_WORK ORDER:_
The entries below contain a stretch that opens with the line containing "Un test de 15" and closes with the line containing "mesially at apex |"; set down that stretch exactly, both ends included, and nothing else.

_GIVEN INFORMATION:_
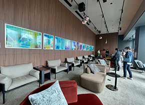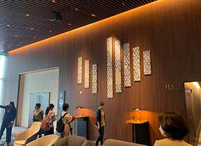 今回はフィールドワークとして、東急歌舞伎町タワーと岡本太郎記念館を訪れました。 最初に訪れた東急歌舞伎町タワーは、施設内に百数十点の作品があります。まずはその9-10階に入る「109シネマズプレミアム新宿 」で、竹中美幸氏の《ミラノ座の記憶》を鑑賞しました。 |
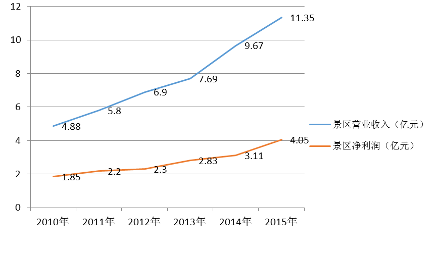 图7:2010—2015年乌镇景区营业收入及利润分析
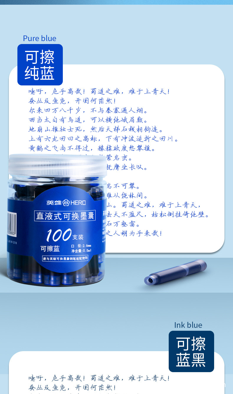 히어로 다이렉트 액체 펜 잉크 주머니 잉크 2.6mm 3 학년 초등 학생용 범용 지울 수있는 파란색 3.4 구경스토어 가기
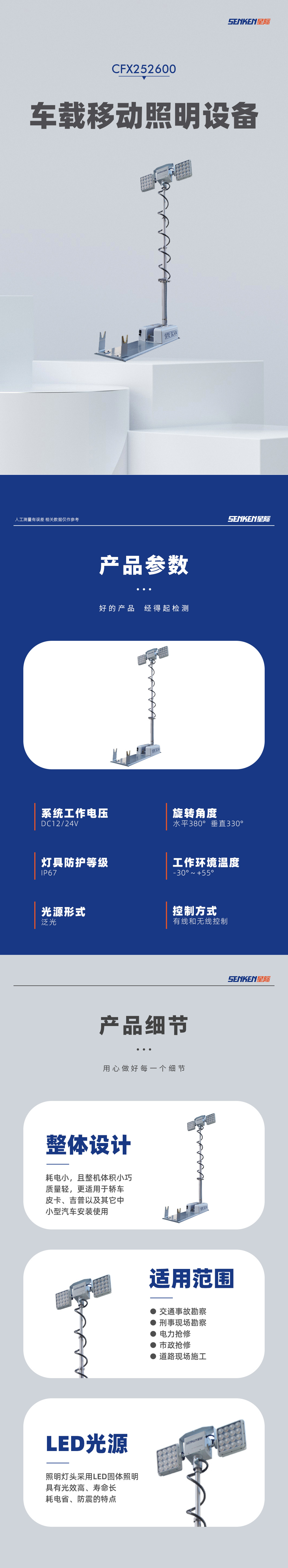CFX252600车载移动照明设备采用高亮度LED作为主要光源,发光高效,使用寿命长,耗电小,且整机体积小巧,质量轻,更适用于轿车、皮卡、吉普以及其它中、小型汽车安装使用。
* * *
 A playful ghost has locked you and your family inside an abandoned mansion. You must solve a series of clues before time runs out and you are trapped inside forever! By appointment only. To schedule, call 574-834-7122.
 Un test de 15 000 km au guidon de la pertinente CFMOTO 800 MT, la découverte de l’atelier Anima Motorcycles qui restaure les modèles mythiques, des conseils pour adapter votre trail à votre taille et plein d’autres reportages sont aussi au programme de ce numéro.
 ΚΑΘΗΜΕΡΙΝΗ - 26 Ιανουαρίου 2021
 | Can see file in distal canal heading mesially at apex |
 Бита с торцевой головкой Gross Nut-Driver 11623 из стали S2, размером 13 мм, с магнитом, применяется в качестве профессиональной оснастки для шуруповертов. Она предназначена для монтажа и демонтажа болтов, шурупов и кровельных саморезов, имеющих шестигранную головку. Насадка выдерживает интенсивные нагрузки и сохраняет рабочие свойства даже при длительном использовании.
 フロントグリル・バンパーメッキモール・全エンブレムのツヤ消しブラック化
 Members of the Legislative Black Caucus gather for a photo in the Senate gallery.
--
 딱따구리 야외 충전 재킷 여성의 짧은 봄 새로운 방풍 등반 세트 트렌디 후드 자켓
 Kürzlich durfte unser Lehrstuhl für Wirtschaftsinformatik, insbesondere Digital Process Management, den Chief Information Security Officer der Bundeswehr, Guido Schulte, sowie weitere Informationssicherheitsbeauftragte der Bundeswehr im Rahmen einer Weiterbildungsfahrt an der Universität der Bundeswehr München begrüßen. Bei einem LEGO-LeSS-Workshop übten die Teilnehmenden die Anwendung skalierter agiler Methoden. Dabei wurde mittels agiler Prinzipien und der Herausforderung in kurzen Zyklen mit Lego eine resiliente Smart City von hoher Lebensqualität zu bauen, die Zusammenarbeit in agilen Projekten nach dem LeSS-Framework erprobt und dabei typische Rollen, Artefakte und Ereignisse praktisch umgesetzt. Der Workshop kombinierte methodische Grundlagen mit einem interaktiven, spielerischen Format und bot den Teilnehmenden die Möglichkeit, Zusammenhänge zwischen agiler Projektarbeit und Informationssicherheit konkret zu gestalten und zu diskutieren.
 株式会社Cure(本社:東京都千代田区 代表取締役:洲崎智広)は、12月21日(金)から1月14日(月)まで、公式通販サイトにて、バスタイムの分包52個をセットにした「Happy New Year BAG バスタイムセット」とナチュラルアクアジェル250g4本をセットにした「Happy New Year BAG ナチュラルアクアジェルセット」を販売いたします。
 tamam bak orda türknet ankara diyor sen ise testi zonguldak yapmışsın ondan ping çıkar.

_SOLUTION TO THIS TASK:_
 Un test de 15 000 km au guidon de la pertinente CFMOTO 800 MT, la découverte de l’atelier Anima Motorcycles qui restaure les modèles mythiques, des conseils pour adapter votre trail à votre taille et plein d’autres reportages sont aussi au programme de ce numéro.
 ΚΑΘΗΜΕΡΙΝΗ - 26 Ιανουαρίου 2021
 | Can see file in distal canal heading mesially at apex |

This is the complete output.